Records supplied →
BEGIN

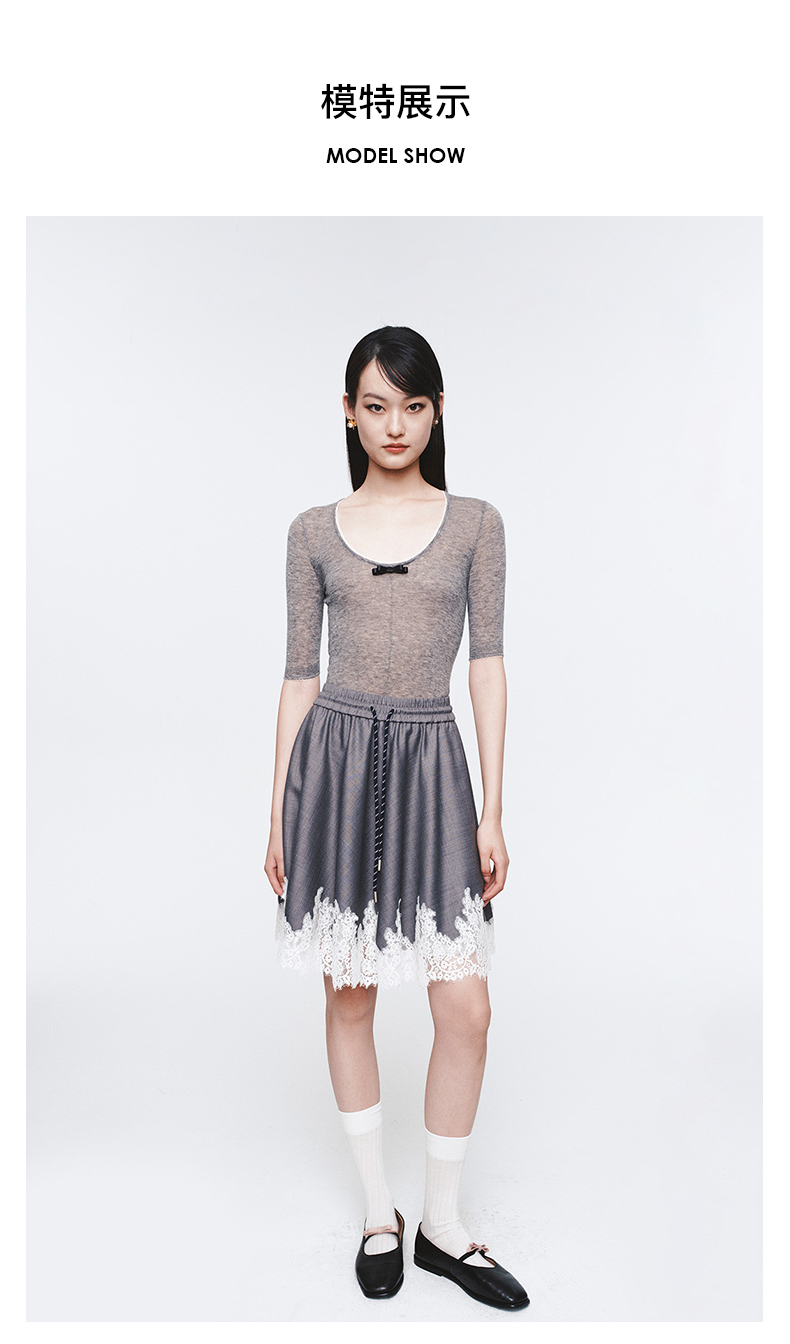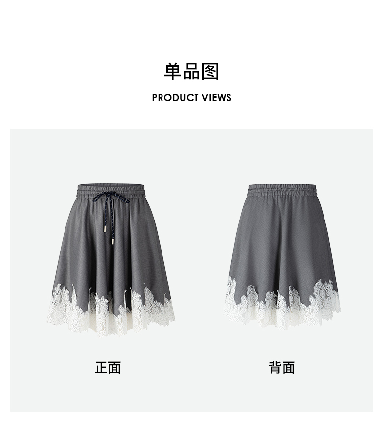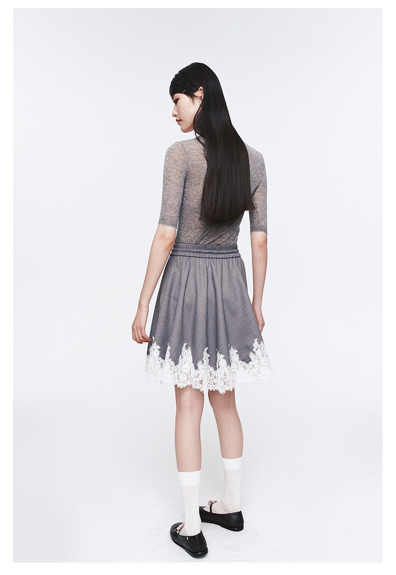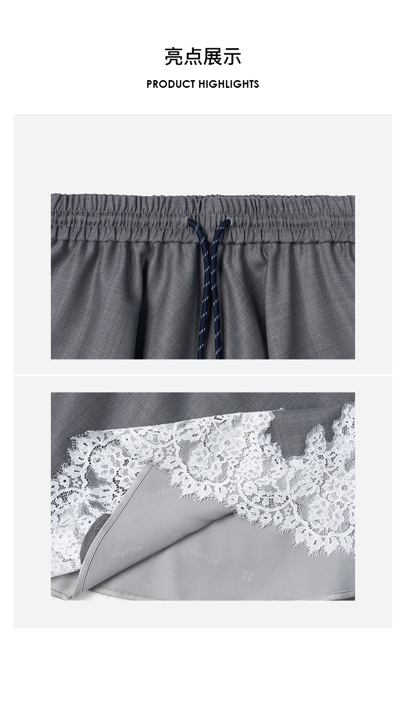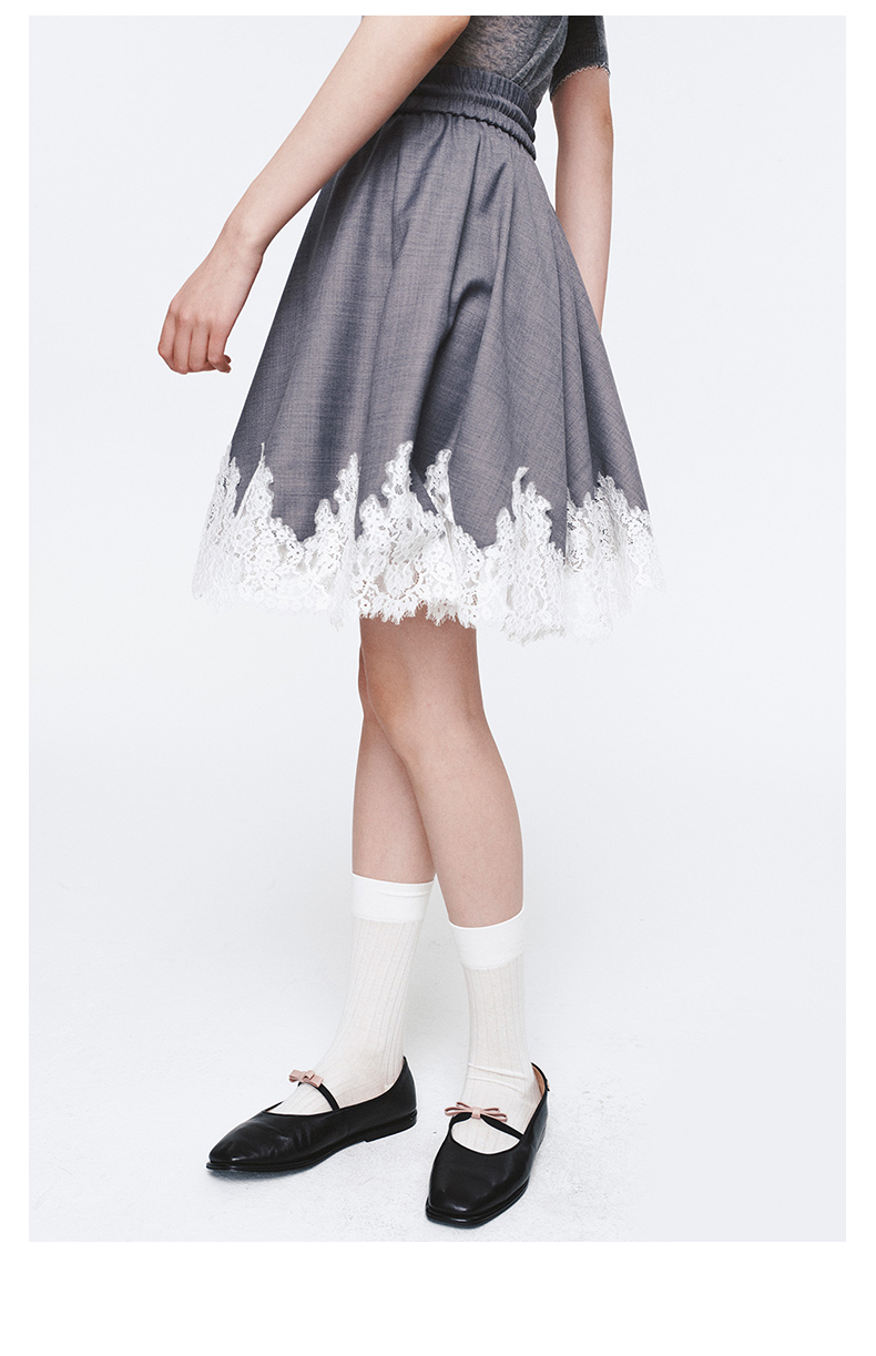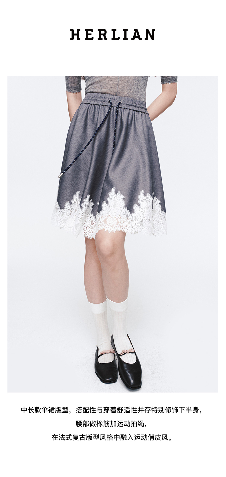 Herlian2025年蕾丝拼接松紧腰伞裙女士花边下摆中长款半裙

END
BEGIN

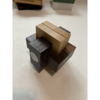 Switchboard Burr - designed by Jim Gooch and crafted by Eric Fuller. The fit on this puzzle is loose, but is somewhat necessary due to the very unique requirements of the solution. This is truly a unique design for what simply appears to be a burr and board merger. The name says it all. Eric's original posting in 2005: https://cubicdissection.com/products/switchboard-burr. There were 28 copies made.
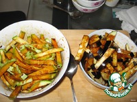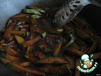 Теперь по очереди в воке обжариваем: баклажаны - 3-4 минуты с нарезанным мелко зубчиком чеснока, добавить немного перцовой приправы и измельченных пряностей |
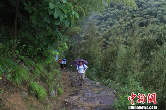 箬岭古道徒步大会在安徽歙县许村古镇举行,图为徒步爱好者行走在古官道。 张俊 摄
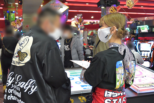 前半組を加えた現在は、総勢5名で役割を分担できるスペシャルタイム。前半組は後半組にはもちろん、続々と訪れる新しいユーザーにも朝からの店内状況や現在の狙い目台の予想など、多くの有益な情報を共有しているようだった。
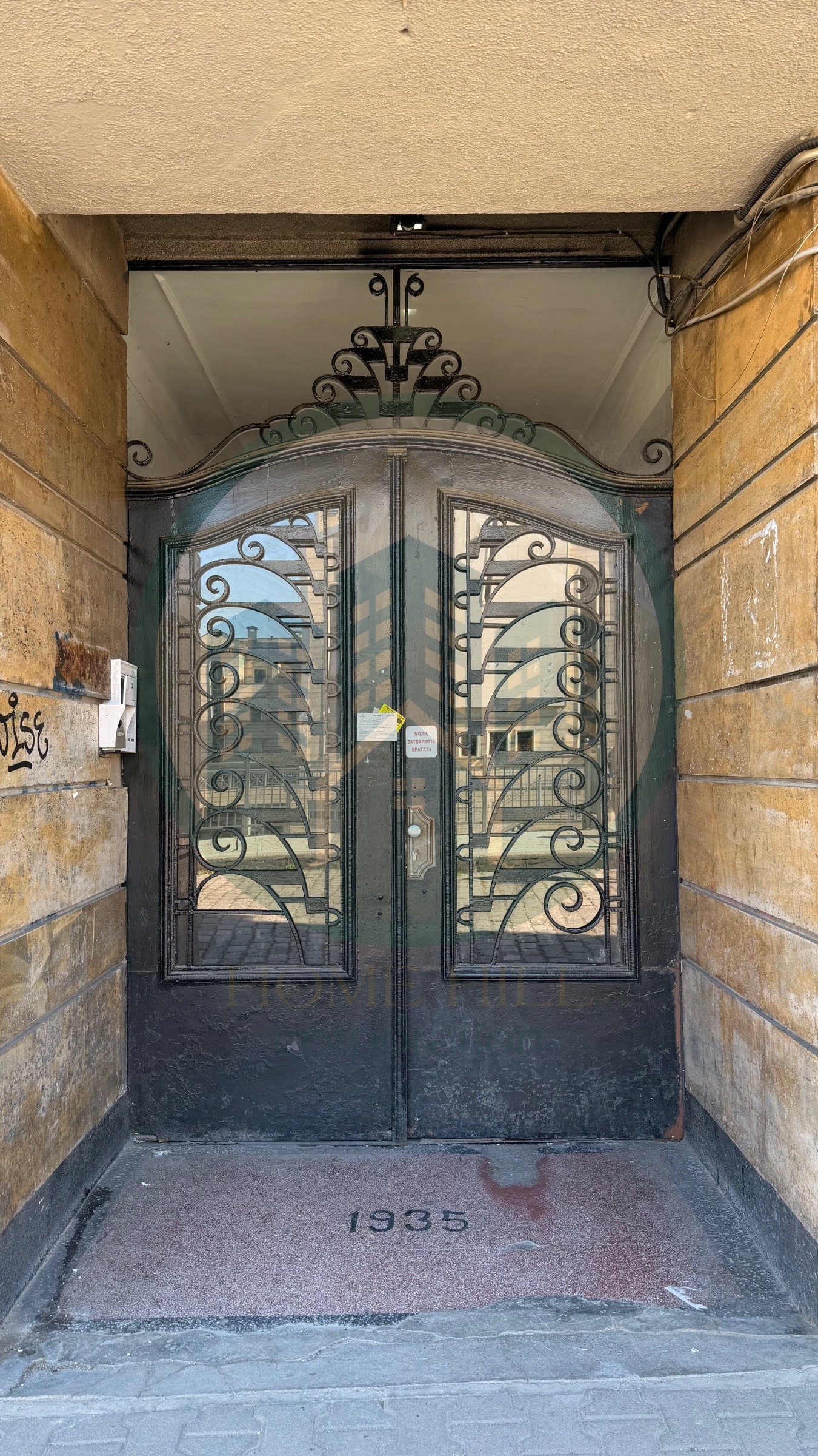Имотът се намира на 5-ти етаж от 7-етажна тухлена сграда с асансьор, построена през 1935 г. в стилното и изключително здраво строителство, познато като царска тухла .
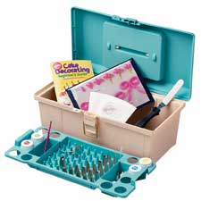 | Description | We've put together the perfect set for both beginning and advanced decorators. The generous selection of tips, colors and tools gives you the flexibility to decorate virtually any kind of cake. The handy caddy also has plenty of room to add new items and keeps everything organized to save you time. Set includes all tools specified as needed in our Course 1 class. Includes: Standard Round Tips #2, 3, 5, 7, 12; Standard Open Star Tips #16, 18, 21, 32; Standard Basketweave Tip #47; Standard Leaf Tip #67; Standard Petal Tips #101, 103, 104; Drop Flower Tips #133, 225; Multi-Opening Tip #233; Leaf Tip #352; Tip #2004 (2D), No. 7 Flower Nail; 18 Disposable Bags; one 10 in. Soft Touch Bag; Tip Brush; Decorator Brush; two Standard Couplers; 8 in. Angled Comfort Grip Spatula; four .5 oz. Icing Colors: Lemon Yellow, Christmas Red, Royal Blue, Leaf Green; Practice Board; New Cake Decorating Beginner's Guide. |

END

Output exactly the lines above that lie between the line with "箬岭古道徒步大会在安徽歙县许村古镇举行,图为徒步爱好者行走在古官道。 张俊 摄" and the line with "前半組を加えた現在は、総勢5", those two lines included, and no pictures.

 箬岭古道徒步大会在安徽歙县许村古镇举行,图为徒步爱好者行走在古官道。 张俊 摄
 前半組を加えた現在は、総勢5名で役割を分担できるスペシャルタイム。前半組は後半組にはもちろん、続々と訪れる新しいユーザーにも朝からの店内状況や現在の狙い目台の予想など、多くの有益な情報を共有しているようだった。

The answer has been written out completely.